(Dataset excerpts begins)

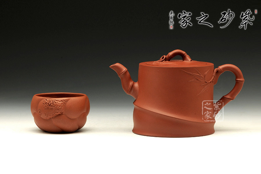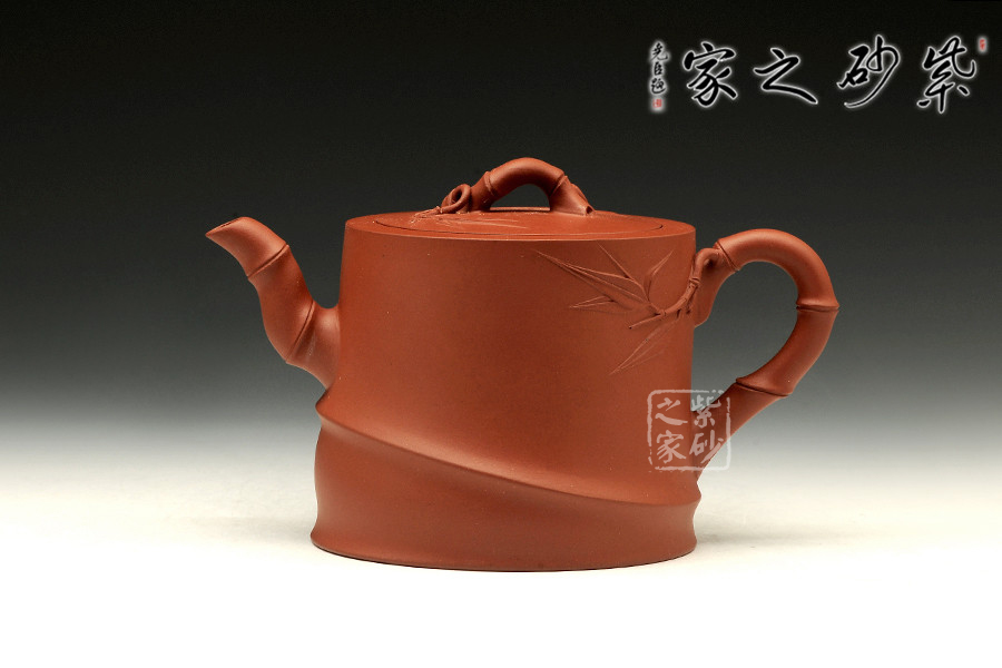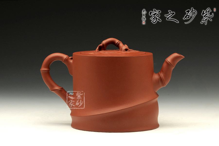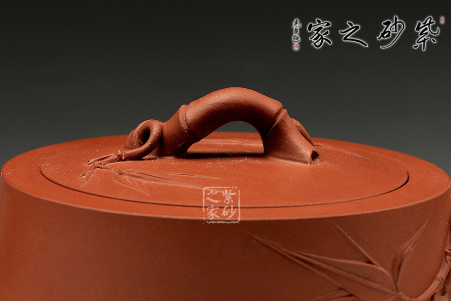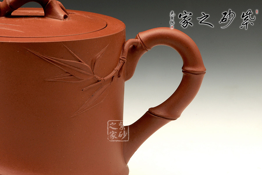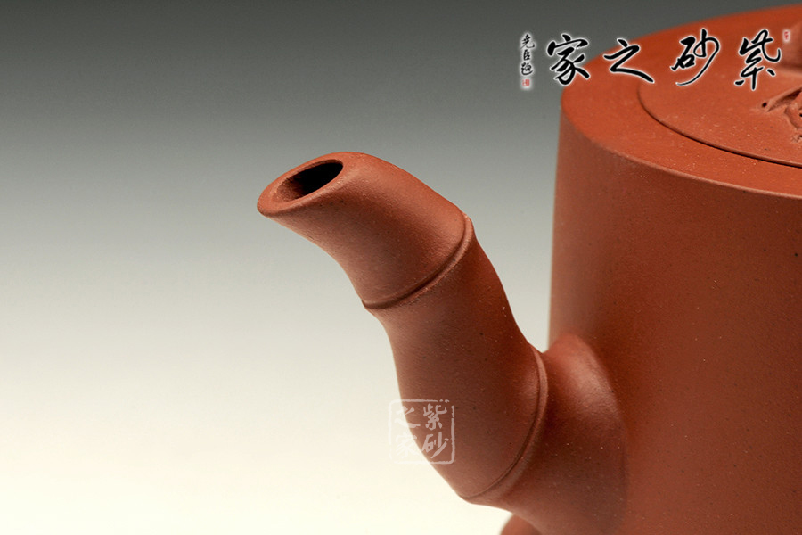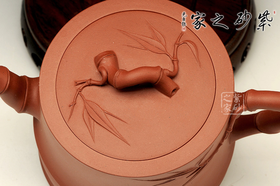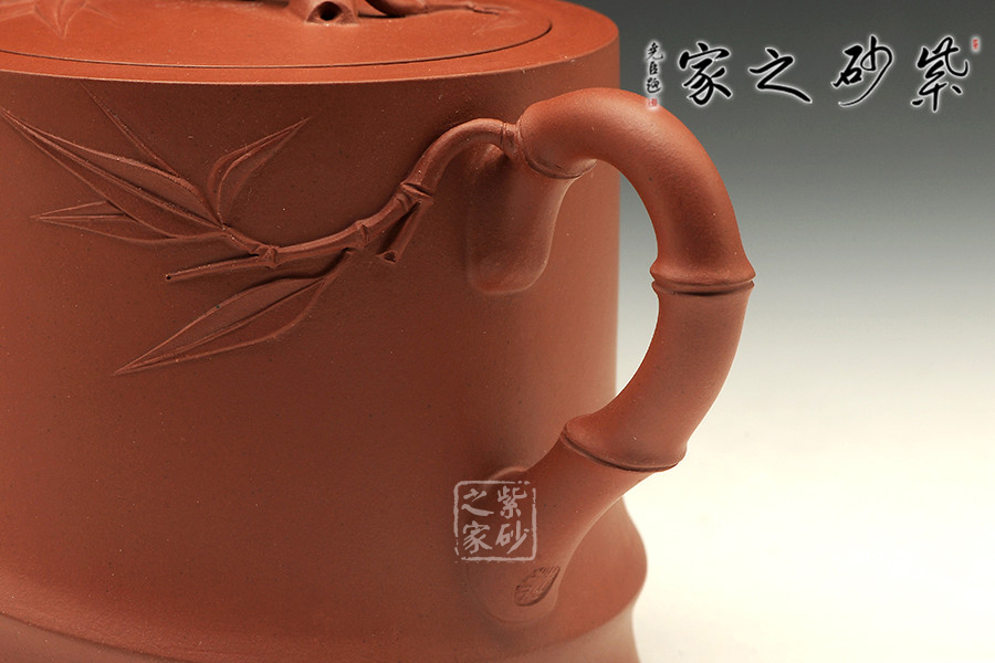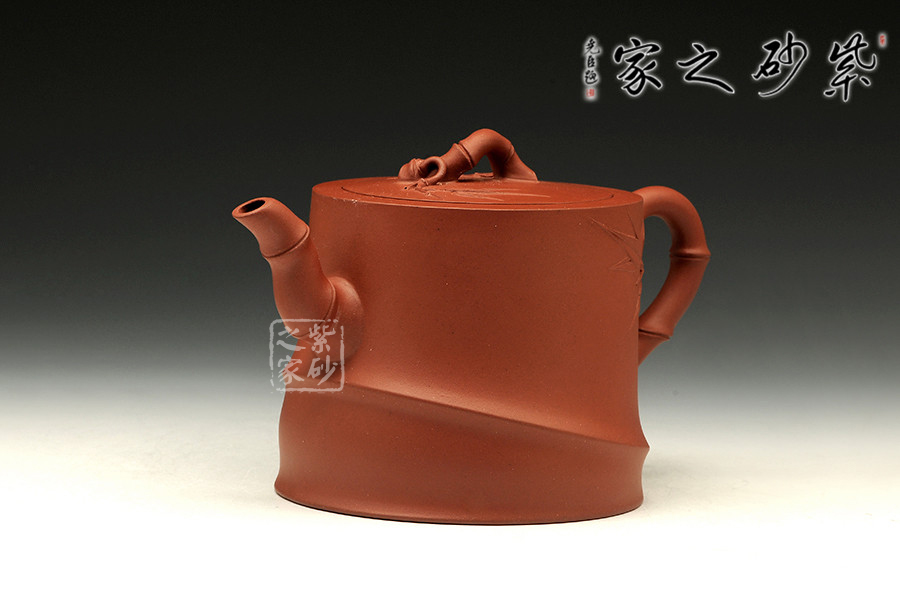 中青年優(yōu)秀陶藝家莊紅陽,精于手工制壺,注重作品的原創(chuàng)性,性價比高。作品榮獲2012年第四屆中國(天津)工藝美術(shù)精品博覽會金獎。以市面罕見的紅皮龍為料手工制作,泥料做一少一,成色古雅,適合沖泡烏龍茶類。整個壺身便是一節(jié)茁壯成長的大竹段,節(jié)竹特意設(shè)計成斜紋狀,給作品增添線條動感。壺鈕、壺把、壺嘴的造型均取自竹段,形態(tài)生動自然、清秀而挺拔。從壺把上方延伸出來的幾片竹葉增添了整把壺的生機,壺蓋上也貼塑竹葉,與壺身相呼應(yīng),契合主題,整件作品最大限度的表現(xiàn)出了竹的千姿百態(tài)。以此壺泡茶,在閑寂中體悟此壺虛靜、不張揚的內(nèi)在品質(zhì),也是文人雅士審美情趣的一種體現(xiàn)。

(Dataset excerpts ends)
(Dataset excerpts begins)

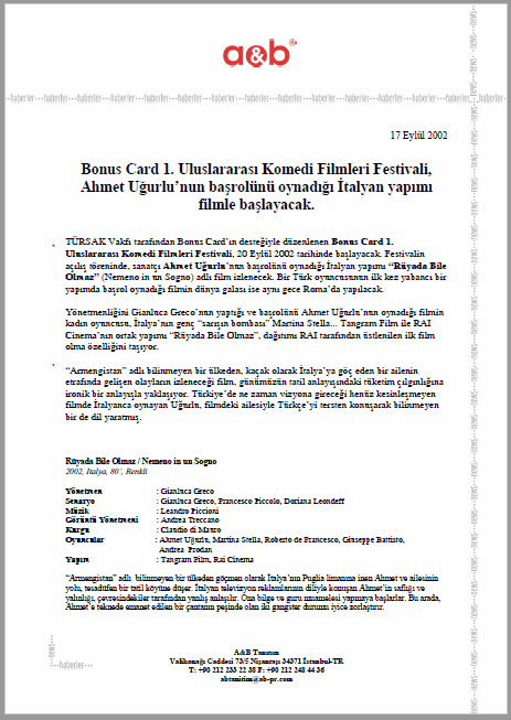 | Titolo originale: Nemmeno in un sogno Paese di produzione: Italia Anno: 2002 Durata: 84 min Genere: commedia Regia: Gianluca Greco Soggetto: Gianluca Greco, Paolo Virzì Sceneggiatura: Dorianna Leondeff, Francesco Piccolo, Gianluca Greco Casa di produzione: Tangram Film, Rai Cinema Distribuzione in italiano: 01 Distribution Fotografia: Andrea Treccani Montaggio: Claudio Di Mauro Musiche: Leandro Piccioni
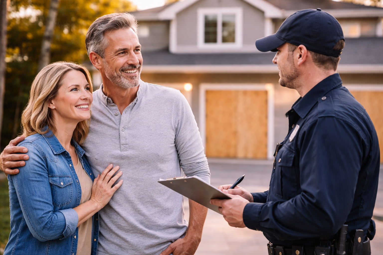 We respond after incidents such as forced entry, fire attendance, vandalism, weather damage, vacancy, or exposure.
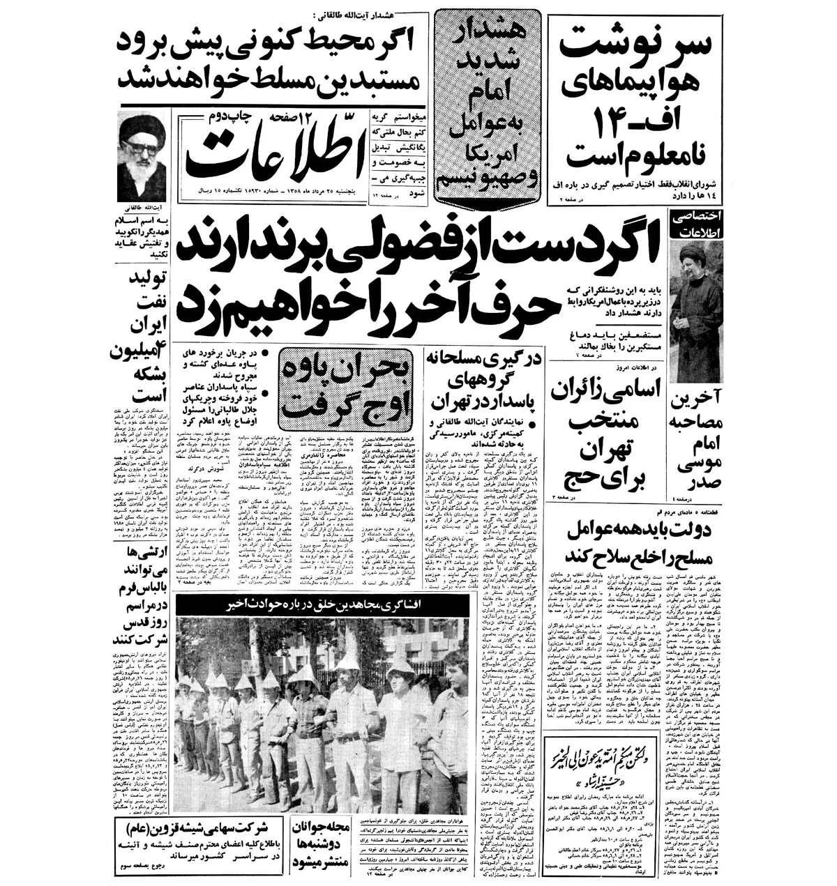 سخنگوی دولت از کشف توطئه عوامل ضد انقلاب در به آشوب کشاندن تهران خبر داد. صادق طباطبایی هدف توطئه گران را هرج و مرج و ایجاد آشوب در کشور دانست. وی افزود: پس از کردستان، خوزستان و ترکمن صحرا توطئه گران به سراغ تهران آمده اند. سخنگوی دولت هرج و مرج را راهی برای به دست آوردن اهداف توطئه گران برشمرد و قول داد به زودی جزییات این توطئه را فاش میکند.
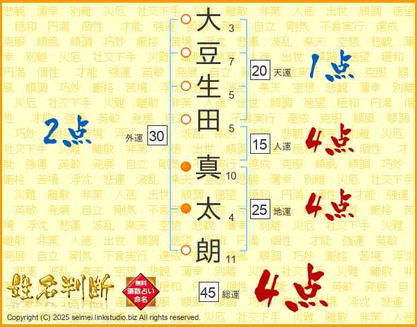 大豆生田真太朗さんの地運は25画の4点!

(Dataset excerpts ends)
(Dataset excerpts begins)

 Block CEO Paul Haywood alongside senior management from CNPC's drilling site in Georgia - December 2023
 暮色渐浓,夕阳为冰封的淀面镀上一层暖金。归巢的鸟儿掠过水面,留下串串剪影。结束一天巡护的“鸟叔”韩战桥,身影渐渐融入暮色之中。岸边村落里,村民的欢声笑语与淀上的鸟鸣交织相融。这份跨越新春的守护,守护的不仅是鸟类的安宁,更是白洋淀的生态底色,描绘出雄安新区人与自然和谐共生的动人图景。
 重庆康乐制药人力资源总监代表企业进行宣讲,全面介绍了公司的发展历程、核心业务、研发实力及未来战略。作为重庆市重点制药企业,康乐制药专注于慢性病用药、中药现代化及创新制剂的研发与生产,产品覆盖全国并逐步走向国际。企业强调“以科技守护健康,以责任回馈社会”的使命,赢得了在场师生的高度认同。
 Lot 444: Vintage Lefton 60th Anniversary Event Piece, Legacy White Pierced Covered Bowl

(Dataset excerpts ends)

> What is being asked:
Once the line with "We respond after" is found in the data above, reproduce it and each line after it exactly, through the line with "大豆生田真太朗さんの地運は25画の4点!". Omit the pictures.

> Final answer:
 We respond after incidents such as forced entry, fire attendance, vandalism, weather damage, vacancy, or exposure.
 سخنگوی دولت از کشف توطئه عوامل ضد انقلاب در به آشوب کشاندن تهران خبر داد. صادق طباطبایی هدف توطئه گران را هرج و مرج و ایجاد آشوب در کشور دانست. وی افزود: پس از کردستان، خوزستان و ترکمن صحرا توطئه گران به سراغ تهران آمده اند. سخنگوی دولت هرج و مرج را راهی برای به دست آوردن اهداف توطئه گران برشمرد و قول داد به زودی جزییات این توطئه را فاش میکند.
 大豆生田真太朗さんの地運は25画の4点!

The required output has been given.